Having applied dozens and dozens of Service Packs to various SQL Server clusters, I still never cease to learn that not everything always goes as planned. J So, a funny thing happened on the way to apply my service pack to a SQL Server 2008 R2 cluster. Well, it really wasn’t all that funny. In fact, I was for the moment, somewhat sad at event viewer log pronouncing the untimely demise of my SQL Server:
“[sqsrvres] CheckServiceAlive: Service is dead”
Famous last words, “He’s dead Jim.” (youtube clip)
Can’t help to think the author/developer of that error msg, was a Trekkie (noun - a fan of the US science fiction television program Star Trek.)
So here’s a harrowing tale with a happy ending. Follow me on a rollercoaster ride of twists and turns on my journey through the event logs, and it’s very informative error messages. It turned out ok, but it temporarily gave me a “cluster headache” The solution was fairly simple, but not obvious.
I know I executed this service pack upgrade flawlessly! For a quick review here, I performed the following steps:
Identified the passive node
Log onto any of the SQL nodes -> Open command prompt -> Type ‘Cluster Group” and Enter.
If the cluster groups are hosted between the two nodes, you need to run the command “ group “<Group Name>” /move” where <Group Name> is the name of each cluster group e.g “cluster group “Available Storage” /move“ to move the group named Available Storage to the second node.

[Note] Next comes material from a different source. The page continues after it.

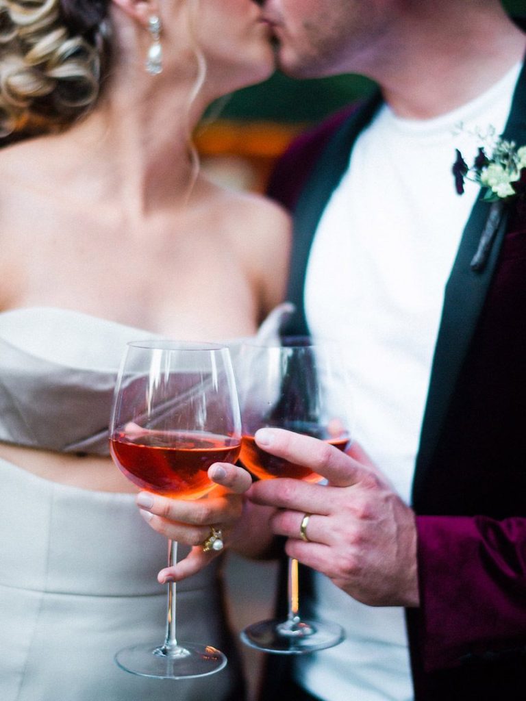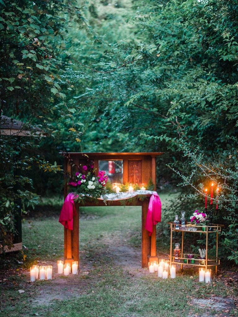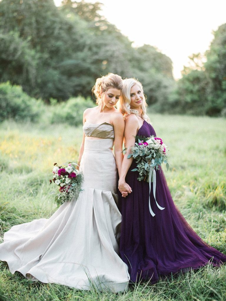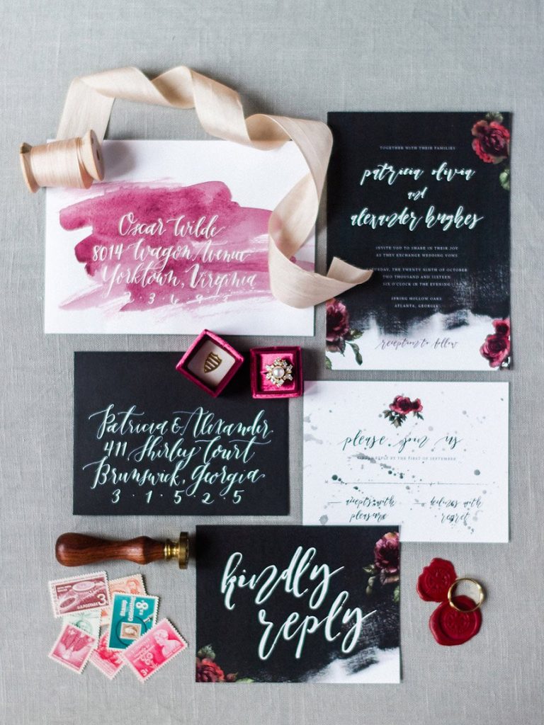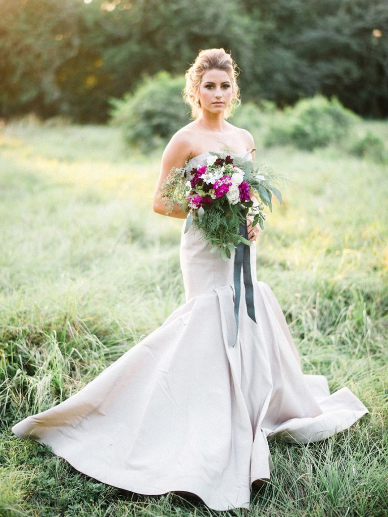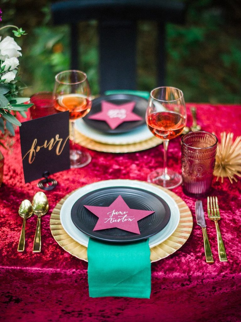 Situated in the overgrown meadow of an opening to the woods, Glitter and Whiskey Events and Makeup by Alli Kirk brought a fairytale vision to life in this styled shoot captured by Awake Photography through the use of romantic jewel tones, luxe decor and earthy natural elements. The team created floral arrangements to mimic the mood with ample greenery, wildflowers and blooms in shades of merlot and fuchsia. A bold paper suite from Paper Tie Affair introduced the thematic feel of the shoot with bright berry and black watercolored backgrounds. Suitable for a setting in the woods, Red Sage Catering whipped up plates of enticing farm-to-table bites incorporating fresh fruits, vegetables and herbs. Of course, we have to mention the bride’s glamorous and modern gown from Unbridaled – a strapless, cutout gown in the most stunning shade of taupe. Incorporating elements of drama and sweet romance, we’re loving every detail of this shoot! Cheers!

Type the command “cluster resource” and ensure all resources are online and owned by only one of the nodes.
2. Install the Service Pack on the Passive Node
Identify the correct service pack/build for your SQL Server version http://sqlserverbuilds.blogspot.com/
Download or copy the service pack locally (on each node)
Right-click à ‘Run as Administrator
Follow the prompts, select the instance/features, accept the license agreement, check for warnings, click <Update> (off you go!)
Several minutes later, Node 1 is successfully updated! Voila:
Great! Now all we need to do is apply the SQL service pack on the second node which is currently holding all the cluster resources. The next action is to failover all the cluster groups to the passive node which we just updated.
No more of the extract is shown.